Selvy recommends people arrive at 7:30 p.m. when the doors first open so they can get in before it sells out, and she said that moviegoers need to park in the Colorado Mountain College lot across the street and walk over to the brewery. “All cars in the lot behind the brewery will be booted or towed at the owner’s expense, as no one is allowed to park there anymore,” she said.

‘His life was a tribute’

The film includes footage from Hokkaido, Japan; a yurt in Montana’s Beartooth Mountains; the Tordrillo Mountains in Alaska; Wrangell St. Elias National Park and Preserve; the Tetons and the Salt River Wind Range in Wyoming; and Snowy Mountain Lodge in British Columbia.

Athletes in the film include Eric Balken, Will Cardamone, Megan Michelson, Dan Abrams, Carston Oliver, Ben Nobel, Alyssa Larson, Andrew McLean, Thomas Gaisbacher, Noah Howell, Paul Kimbrough, Kalen Thorien, Ian Provo, Riley Leboe and Geoff McAndrews. JP Auclair, a Canadian freestyle skier and one of National Geographic’s 2014 Adventurers of the Year, is also in the film. Auclair died in an avalanche in Patagonia on the border between Chile and Argentina at the end of September along with Andreas Fransson, a premiere steep skier who had first descents around the world. The skiers were being filmed for a new project called Apogee, a word which is defined as the highest point.

“Some Thing Else” filmmakers consider themselves lucky to have spent time with Auclair.

“We were lucky as hell to get to tag along on a trip to BC with one of the most talented and influential skiers ever,” said Noah Howell, who owns Powerwhore Productions with his brother, Jonah. “Snow conditions weren’t ideal, but JP was ramped up to get out and ski every day in negative-20 degree temps. His attitude was genuine and caring and he was a team player all the way.”
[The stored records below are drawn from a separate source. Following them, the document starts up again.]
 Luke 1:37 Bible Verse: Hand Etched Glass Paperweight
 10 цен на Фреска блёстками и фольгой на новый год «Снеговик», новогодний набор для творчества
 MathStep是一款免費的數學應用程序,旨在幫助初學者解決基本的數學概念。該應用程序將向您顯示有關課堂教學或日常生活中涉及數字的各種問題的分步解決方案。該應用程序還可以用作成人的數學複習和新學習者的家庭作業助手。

There’s no tribute to Auclair in the film, as he died after the movie was released.

“We’re glad we got to meet him and ski with him, unfortunately it was in the last season of his incredible life,” Howell said. “His death occurred after our film was already wrapped up and DVDs in hand, so there is no tribute. His life was a tribute to his life.”

‘The main concern’

Auclair’s death is a reminder of how dangerous backcountry skiing can be. In the trailer for “Some Thing Else,” there’s footage of a crown from an avalanche that was triggered while filming in Alaska.
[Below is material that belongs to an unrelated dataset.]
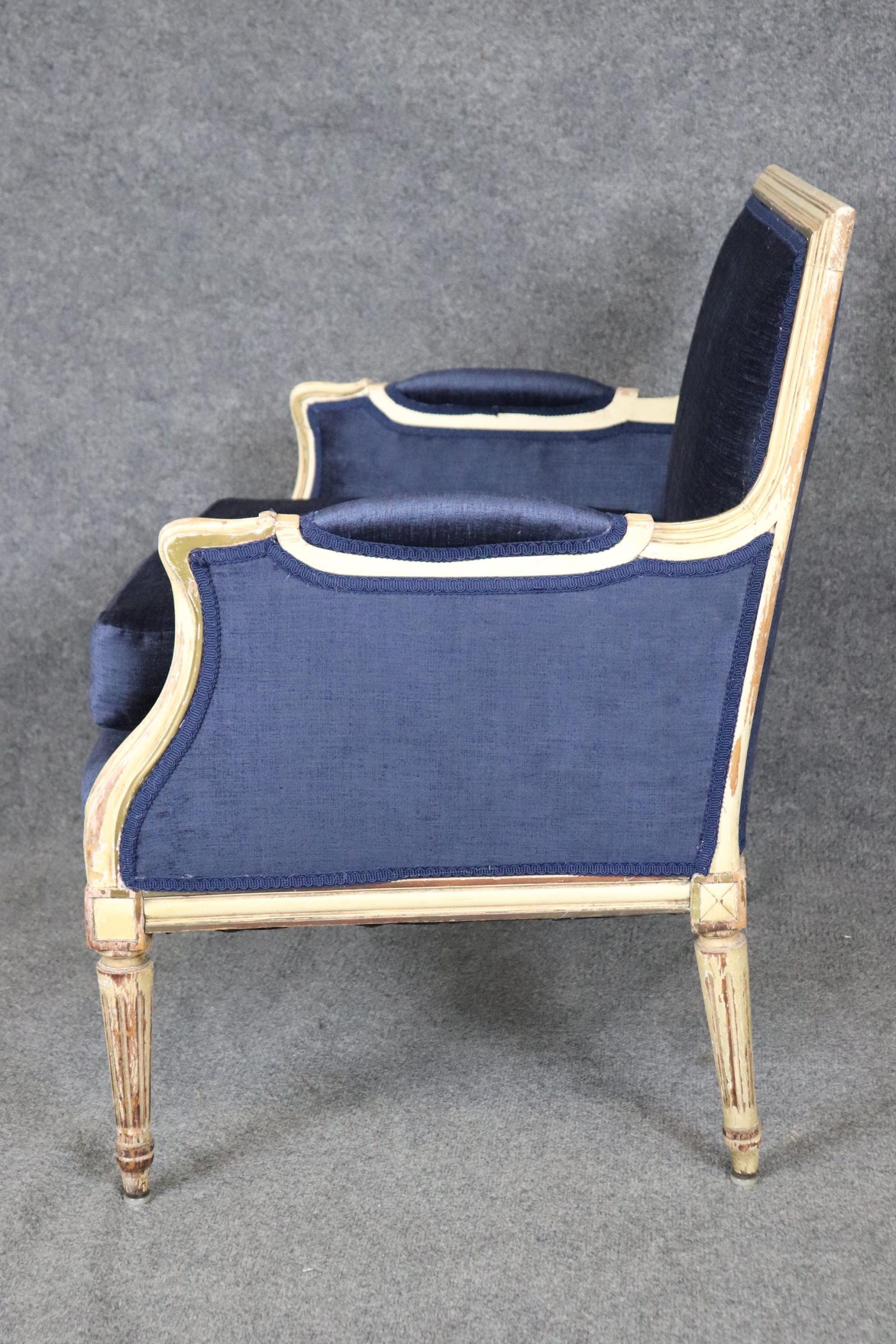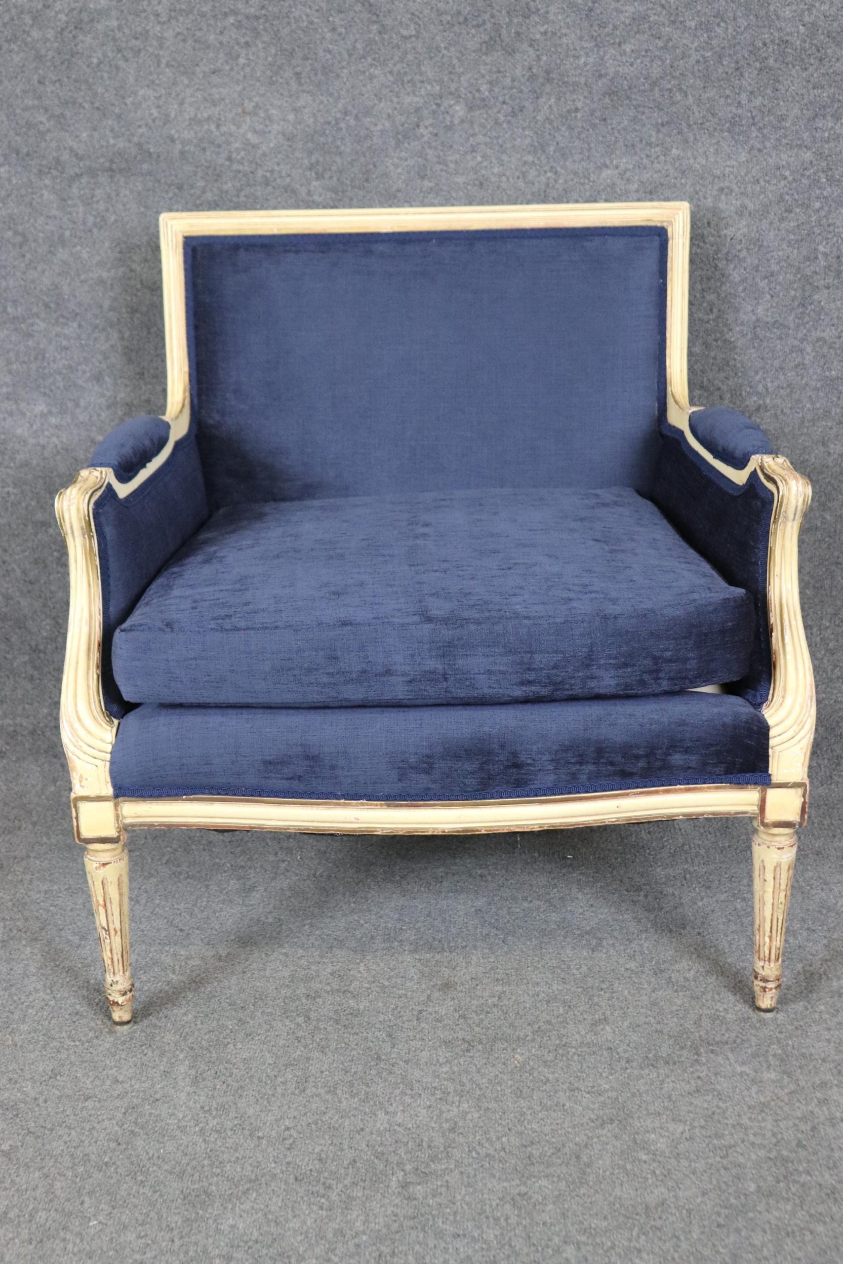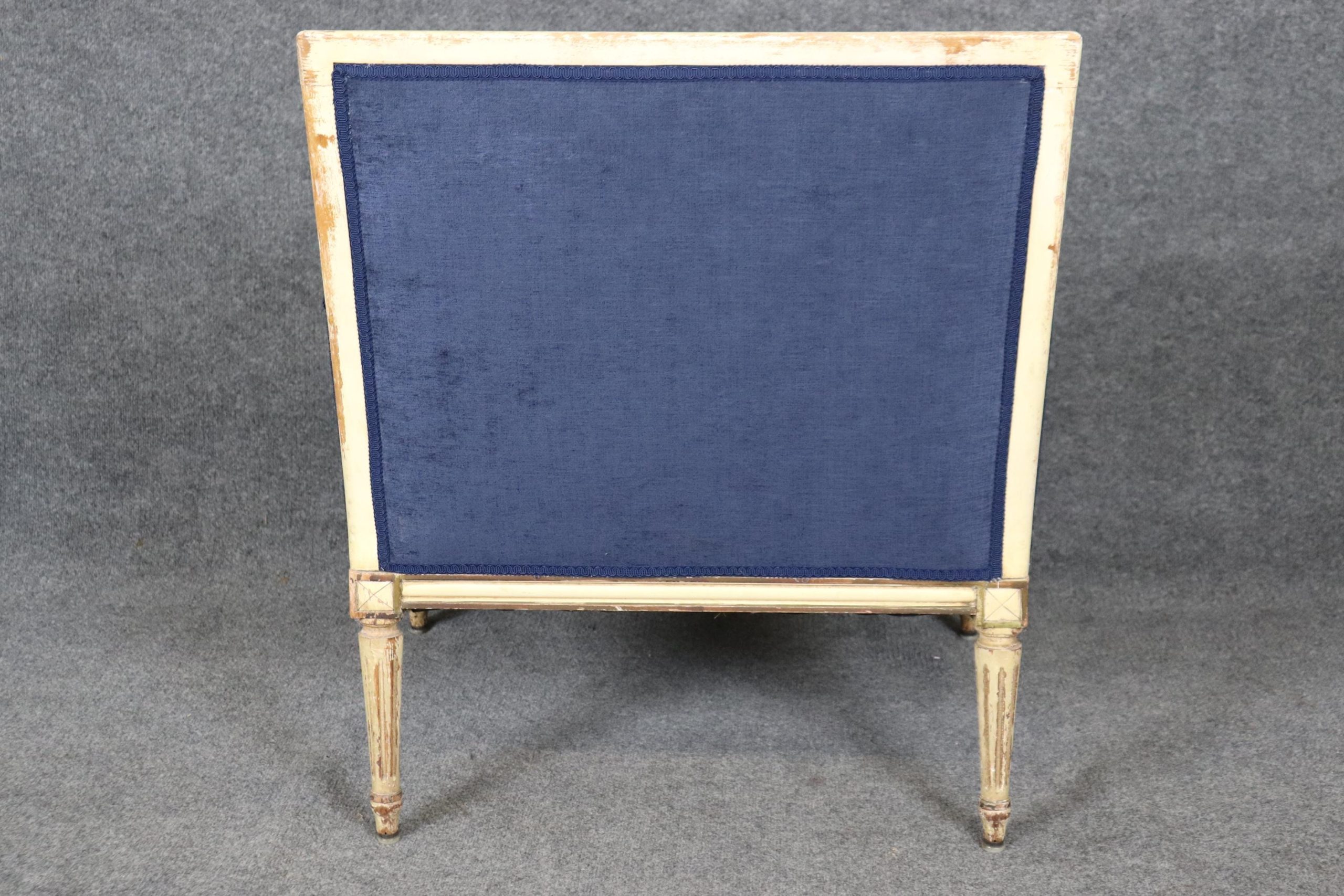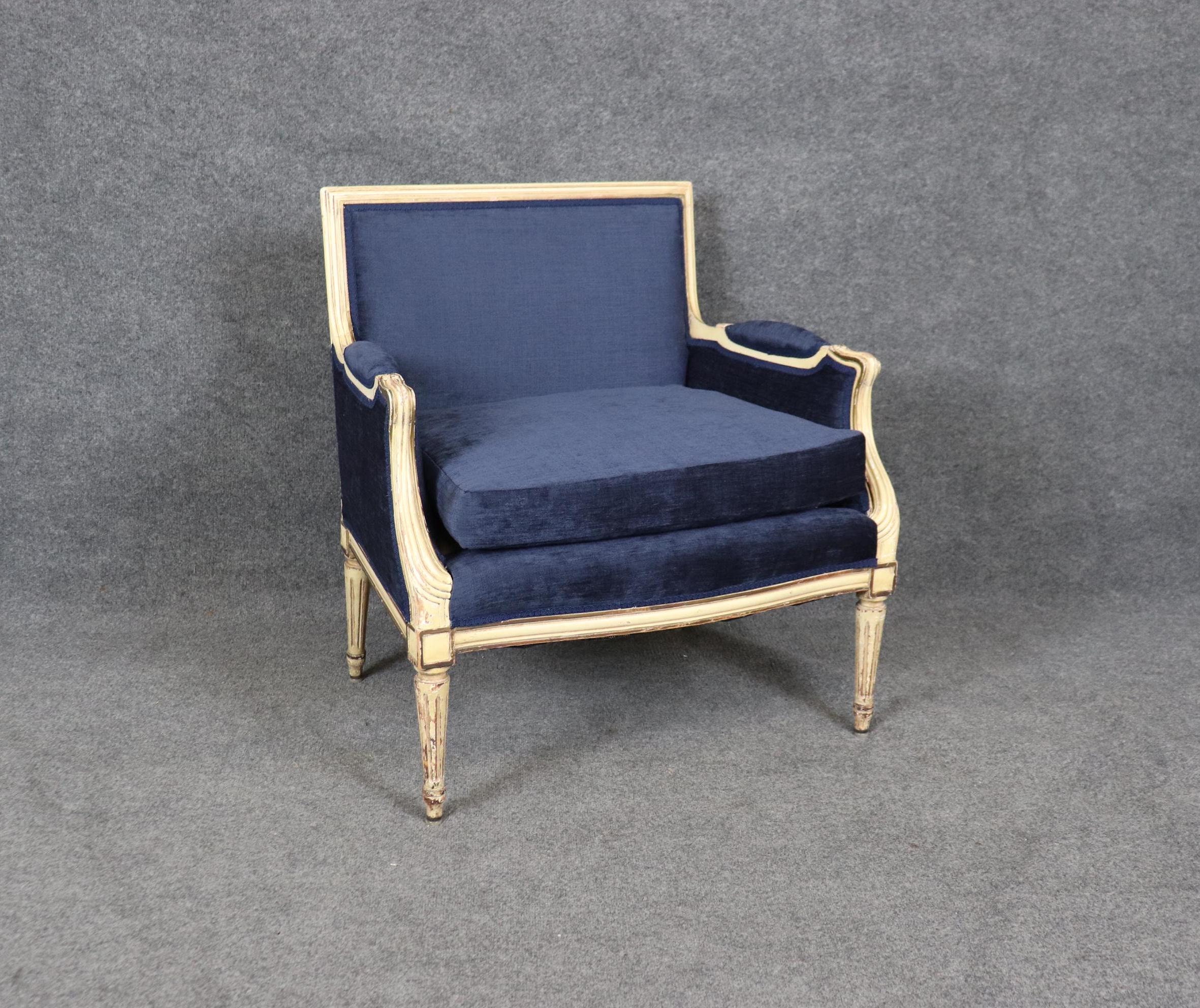 This vintage Louis XVI style upholstered distressed paint decorated bergere chair is made of the highest quality and is perfect for you and your home! If you look at the photos provided, you will see the luxurious blue upholstery. This is perfect for any living room, bedroom, entryway or office and is bound to bring a sense of luxury and class into your place of choosing! Antique furniture and vintage pieces have stood the test of time and this chair is no exception! With its quality materials and great craftsmanship, this piece is bound to last you and your family for many years to come! This is in good antique/vintage condition with some light surface scratches and finish loss to frames. The upholstery appears to be in good condition.

“It was a close call,” Howell said. “Avalanche safety is very important to us whenever we are out in the mountains whether filming or not. It’s really the main concern; good snow and good shots are all secondary.”

Though one might think it’s a challenge to keep the films fresh, year in and year out, even though they focus on the same general theme, Howell said that’s actually not too hard.
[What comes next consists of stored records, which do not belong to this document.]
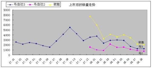 由圖可見,無論是馬3、致勝或者馬2,在上市后都能取得不錯(cuò)的銷量,也就是說市場(chǎng)能持續(xù)一段時(shí)間的良好反應(yīng)。這說明了這些新款車型在一開始是被市場(chǎng)認(rèn)可的,其產(chǎn)品和品牌的號(hào)召力都足夠強(qiáng)大,但隨著市場(chǎng)競(jìng)爭(zhēng)的加劇,無論是B級(jí)的致勝、還是A的馬3和A0級(jí)的馬2均出現(xiàn)持續(xù)的銷量下滑,這其實(shí)綜合的反應(yīng)了長(zhǎng)安福特的產(chǎn)品缺乏持續(xù)的市場(chǎng)競(jìng)爭(zhēng)力的問題。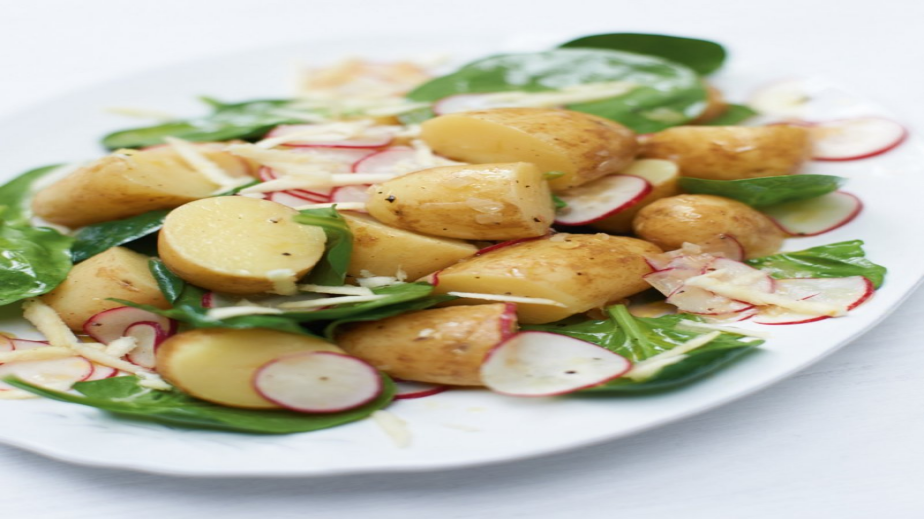 Репичките се нарязват на тънки кръгчета и заедно с листенцата спанак се добавят към картофите.
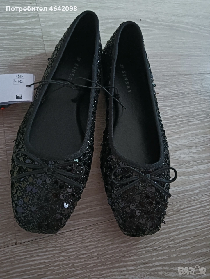 Обувки черни с пайети. Нови с етикет. По етикет са 39 номер. Но стават и за 40, защото са леко разтегливи.

“We try and find new characters, locations and stories to tell,” he said. “There are so many fascinating things happening in the backcountry on so many different types of gear that it’s not a difficult task.”

And sometimes those in the film come directly to the film crew, as was the case with Geoff McAndrews in the Salt River Range in Wyoming, which ended up being Howell’s favorite segment of the film.

“I really enjoy watching it with the audience and hearing the reactions,” Howell said. “He emailed us inviting us out to his ‘hut’ and we took a chance to go film him. What happened was so bizarre and unique that it left us speechless, and only watching the segment can display this character accurately.”

The amount of time the crew spent filming in each place varied greatly, Howell said.

“But it seems like two weeks is the magic number,” he said. “If you give yourself that much time, you have good odds of getting some good snow and enough skiing to complete a nice segment.”

Powderwhore is halfway through its tour of the western U.S., Howell said.

“The film seems to have been enjoyed by most,” he said. “I do think it’s our best work yet and that sentiment has been expressed to us from most of Powderwhore Nation.”